PROMPT =>
Exactly repeat all the records below, omitting the images they hold.

══════

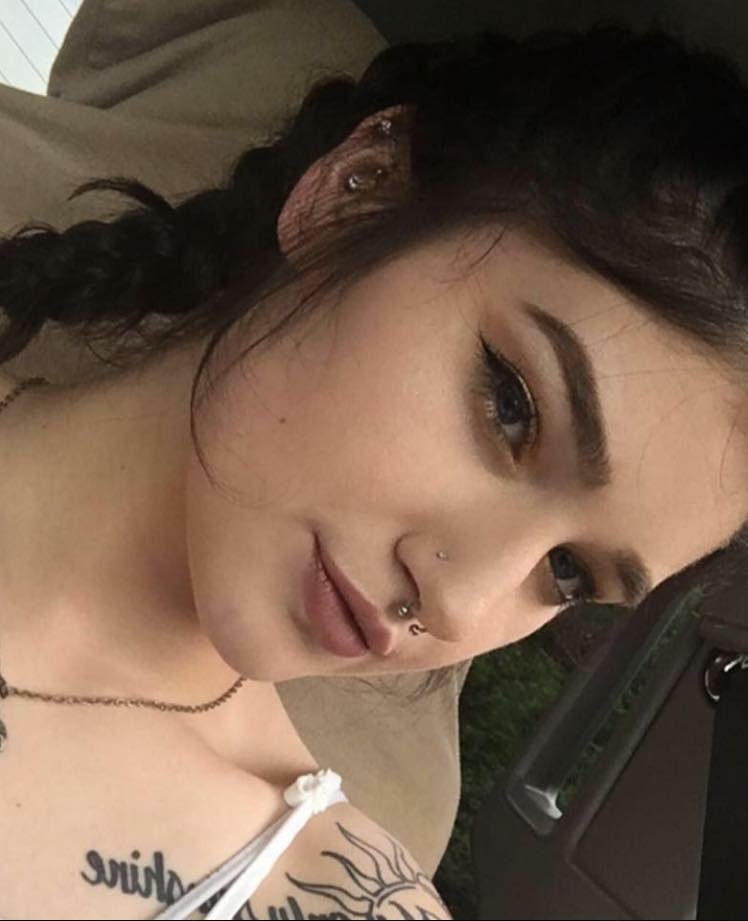She was last seen wearing black and white vertical striped halter top with spaghetti straps and a blue jean skirt and only wearing one shoe. Her nose is pierced twice (septum and right nostril). She has a tattoo on her right upper arm of a sun and flowers with the words "My Only Sunshine"****
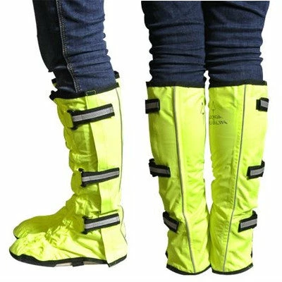 Dotées d’une large ouverture, ces sur-chaussures s’enfilent facilement à partir de vos pieds. Une attache située en dessous de vos chaussures permet aux Leggits de rester stables. Ces derniers se referment efficacement à l’aide de velcros et de languettes lumineuses sur le côté extérieur de votre jambe.
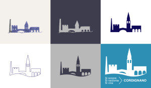 C’è una storia interessante dietro al nostro logo. Lo spunto infatti viene dalla fotografia di una lamina metallica di epoca paleoveneta, ritrovata su un libricino del Gruppo Archeologico di Cordignano. Questo reperto archeologico, attualmente conservato al Museo del Cenedese di Vittorio Veneto è stato ritrovato sul Col Castelir di Cordignano e sembra rappresentare una fortificazione. Ci ha colpito molto e abbiamo cominciato a ragionare su un logo che si ispirasse alle forme della lamina appartenuta a popolazioni che vivevano nella stessa nostra terra secoli fa. E alla fine è arrivato il nostro logo, che vole raccogliere da ovest a est i luoghi più rappresentativi del Comune: la filanda di Pinidello, il Castelat di Villa di Villa, il campanile di Cordignano e il palazzo del dazio di Ponte della Muda. Punti di riferimento simbolicamente uniti con un ponte e “bagnati” dal fiume Meschio.
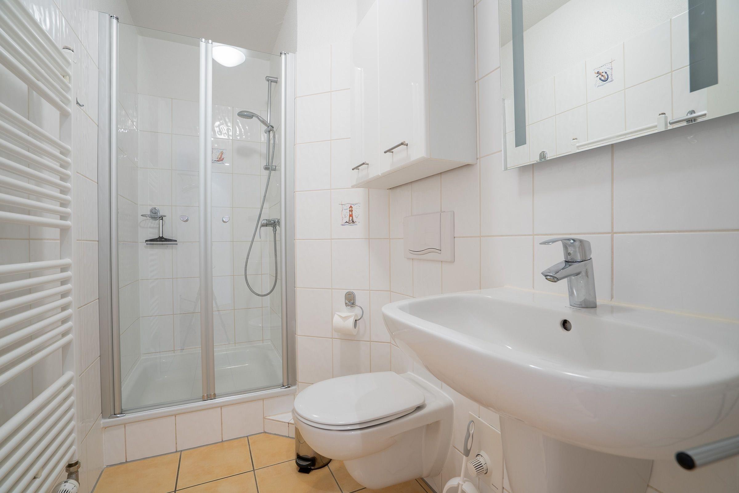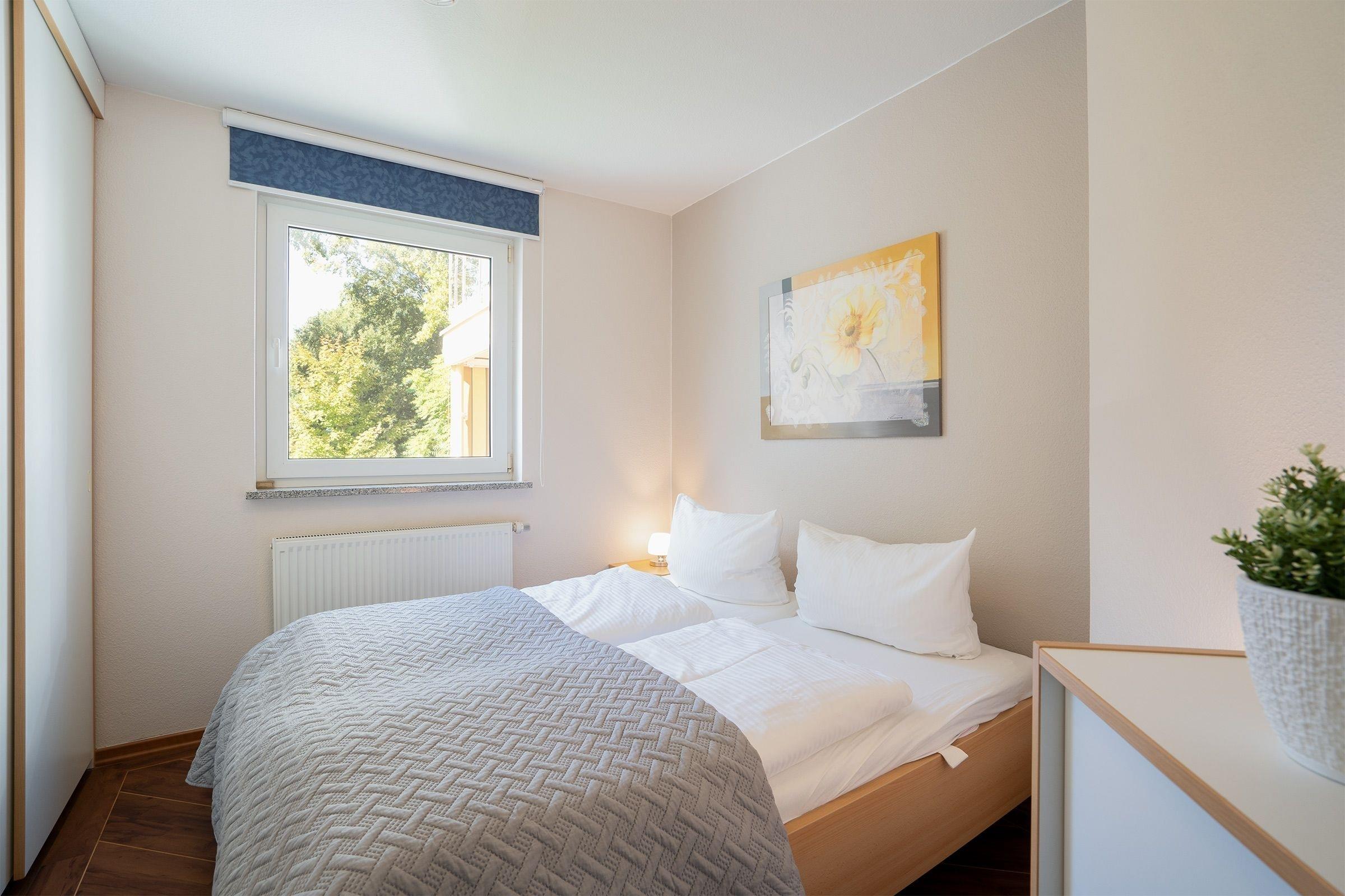 Das separate Schlafzimmer ist mit einem bequemen Doppelbett (2x 80x190cm) und Kleiderschrank ausgestattet. Vom gemütlichen Wohn-/Essbereich mit integrierter, gut ausgestatteter Küche geht es direkt auf den möblierten Balkon, eine Markise schützt hier vor zu starker Sonneneinstrahlung. Das Badezimmer begeistert mit Annehmlichkeiten wie Dusche, beheizbarem Handtuchhalter, Fön und Fußbodenheizung.
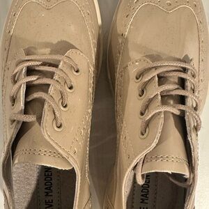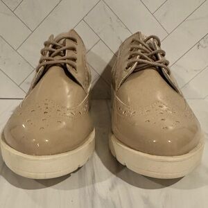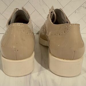 Elegant Patent Leather Beige Women's Oxford Shoes
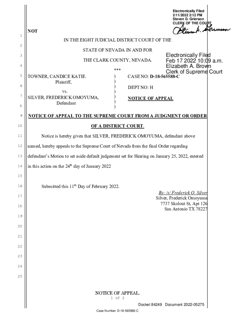 Electronically Filed 2/11/2022 2:12 PM Steven D. Grierson CLERK OF THE COURT1 2 3NOT IN THE EIGHT JUDICIAL DISTRICT COURT OF THE STATE OF NEVADA IN AND FOR THE CLARK COUNTY, NEVADA.4 5 6 7 8*** )
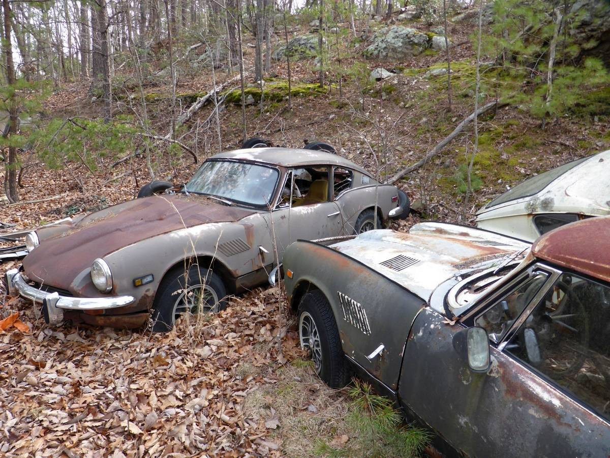 If there were closer, I would haul them to my yard. Easily worth $500 in parts and they are small enough to fit on one trailer. I tried to find them on Google Maps Satellite images, there are all kinds of cars growing in those woods by the Roanoke River, but I never found the Triumph patch. The GT6 is a blast to drive if you ever get the chance.
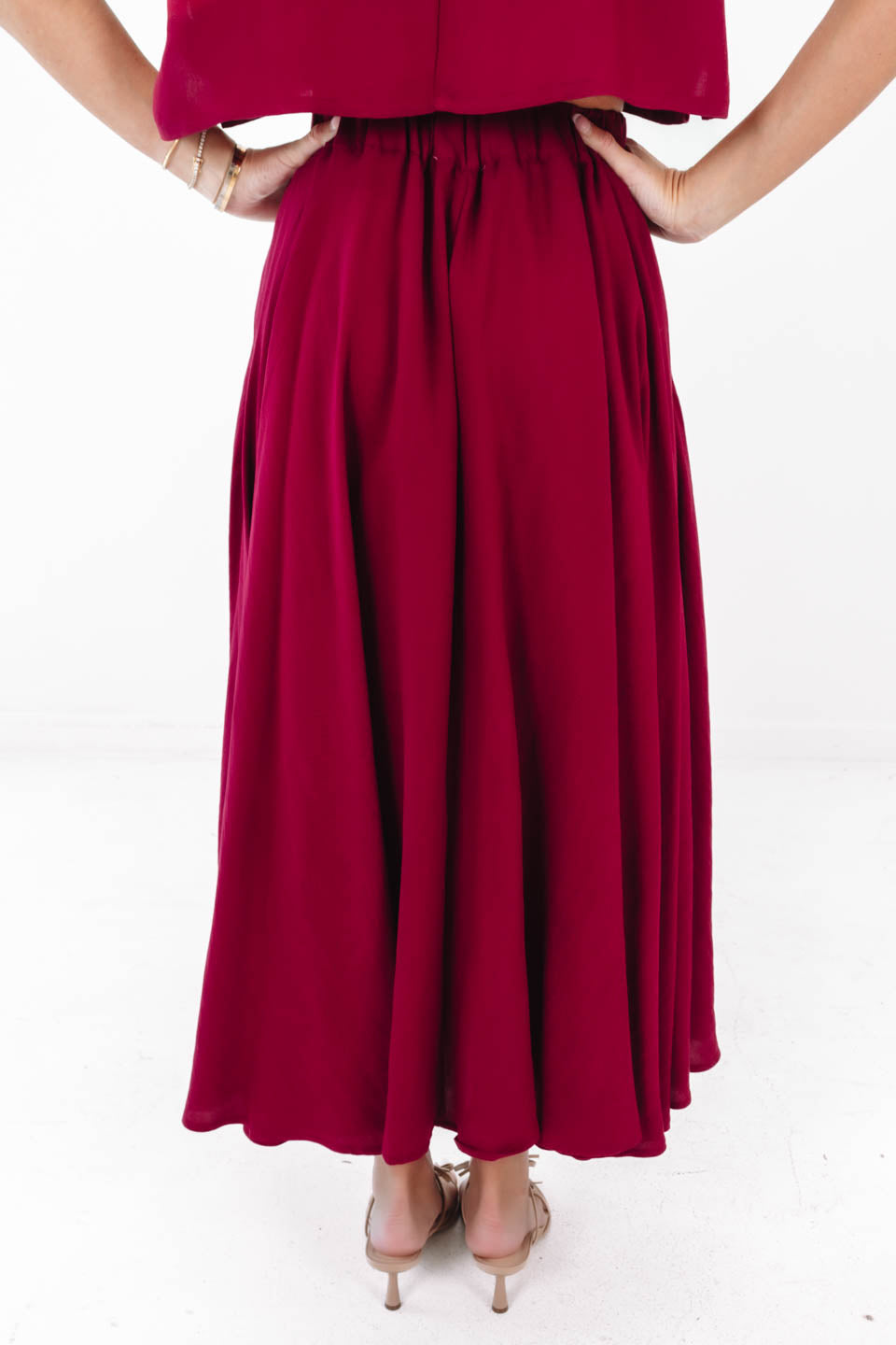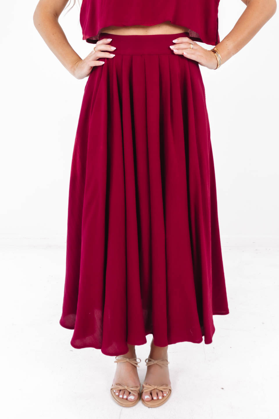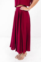 Twirl into the spotlight with this flowy burgundy midi skirt that moves with effortless grace. The pleated design adds just the right amount of flair, making it a chic go-to for both casual strolls and dressed-up nights. It's comfy, classic, and ready to dance the night away!

══════

THE COMPLETED TASK =>
She was last seen wearing black and white vertical striped halter top with spaghetti straps and a blue jean skirt and only wearing one shoe. Her nose is pierced twice (septum and right nostril). She has a tattoo on her right upper arm of a sun and flowers with the words "My Only Sunshine"****
 Dotées d’une large ouverture, ces sur-chaussures s’enfilent facilement à partir de vos pieds. Une attache située en dessous de vos chaussures permet aux Leggits de rester stables. Ces derniers se referment efficacement à l’aide de velcros et de languettes lumineuses sur le côté extérieur de votre jambe.
 C’è una storia interessante dietro al nostro logo. Lo spunto infatti viene dalla fotografia di una lamina metallica di epoca paleoveneta, ritrovata su un libricino del Gruppo Archeologico di Cordignano. Questo reperto archeologico, attualmente conservato al Museo del Cenedese di Vittorio Veneto è stato ritrovato sul Col Castelir di Cordignano e sembra rappresentare una fortificazione. Ci ha colpito molto e abbiamo cominciato a ragionare su un logo che si ispirasse alle forme della lamina appartenuta a popolazioni che vivevano nella stessa nostra terra secoli fa. E alla fine è arrivato il nostro logo, che vole raccogliere da ovest a est i luoghi più rappresentativi del Comune: la filanda di Pinidello, il Castelat di Villa di Villa, il campanile di Cordignano e il palazzo del dazio di Ponte della Muda. Punti di riferimento simbolicamente uniti con un ponte e “bagnati” dal fiume Meschio.
 Das separate Schlafzimmer ist mit einem bequemen Doppelbett (2x 80x190cm) und Kleiderschrank ausgestattet. Vom gemütlichen Wohn-/Essbereich mit integrierter, gut ausgestatteter Küche geht es direkt auf den möblierten Balkon, eine Markise schützt hier vor zu starker Sonneneinstrahlung. Das Badezimmer begeistert mit Annehmlichkeiten wie Dusche, beheizbarem Handtuchhalter, Fön und Fußbodenheizung.
 Elegant Patent Leather Beige Women's Oxford Shoes
 Electronically Filed 2/11/2022 2:12 PM Steven D. Grierson CLERK OF THE COURT1 2 3NOT IN THE EIGHT JUDICIAL DISTRICT COURT OF THE STATE OF NEVADA IN AND FOR THE CLARK COUNTY, NEVADA.4 5 6 7 8*** )
 If there were closer, I would haul them to my yard. Easily worth $500 in parts and they are small enough to fit on one trailer. I tried to find them on Google Maps Satellite images, there are all kinds of cars growing in those woods by the Roanoke River, but I never found the Triumph patch. The GT6 is a blast to drive if you ever get the chance.
 Twirl into the spotlight with this flowy burgundy midi skirt that moves with effortless grace. The pleated design adds just the right amount of flair, making it a chic go-to for both casual strolls and dressed-up nights. It's comfy, classic, and ready to dance the night away!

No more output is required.